→ **AVAILABLE DATA**
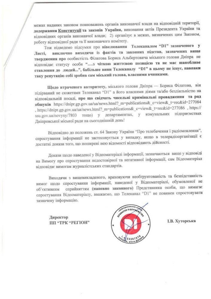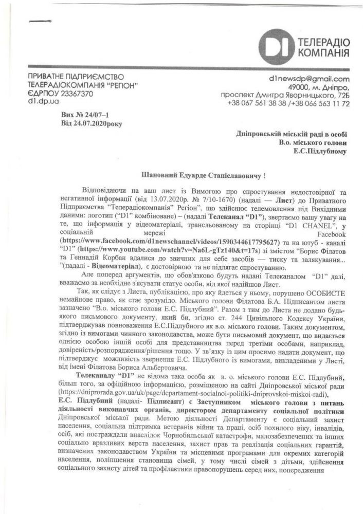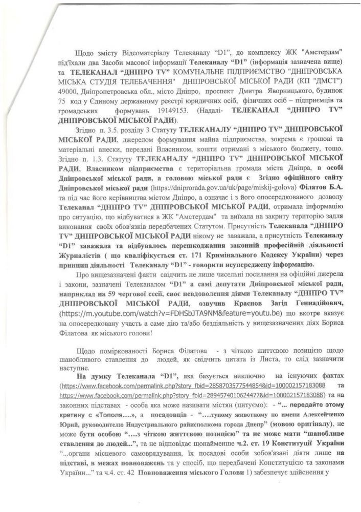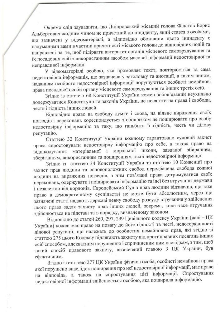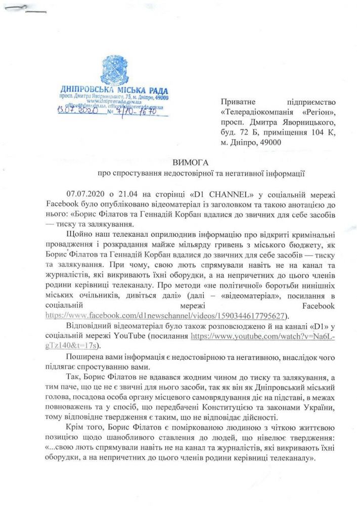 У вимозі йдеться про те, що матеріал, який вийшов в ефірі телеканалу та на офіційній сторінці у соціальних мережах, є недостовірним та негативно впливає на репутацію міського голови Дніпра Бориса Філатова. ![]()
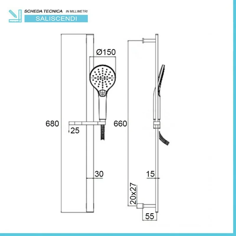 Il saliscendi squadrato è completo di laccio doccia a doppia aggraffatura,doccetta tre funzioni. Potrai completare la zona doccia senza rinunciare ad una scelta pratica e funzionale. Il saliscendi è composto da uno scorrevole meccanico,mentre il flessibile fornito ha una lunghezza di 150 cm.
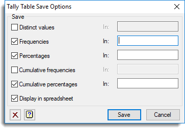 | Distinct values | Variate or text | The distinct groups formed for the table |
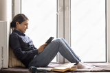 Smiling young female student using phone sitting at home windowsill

→ **WORK ITEM**
Omit the pictures and return exactly the lines from the line containing "the table |" through the final line of the material above, both ends included.

→ **RESPONSE**
 | Distinct values | Variate or text | The distinct groups formed for the table |
 Smiling young female student using phone sitting at home windowsill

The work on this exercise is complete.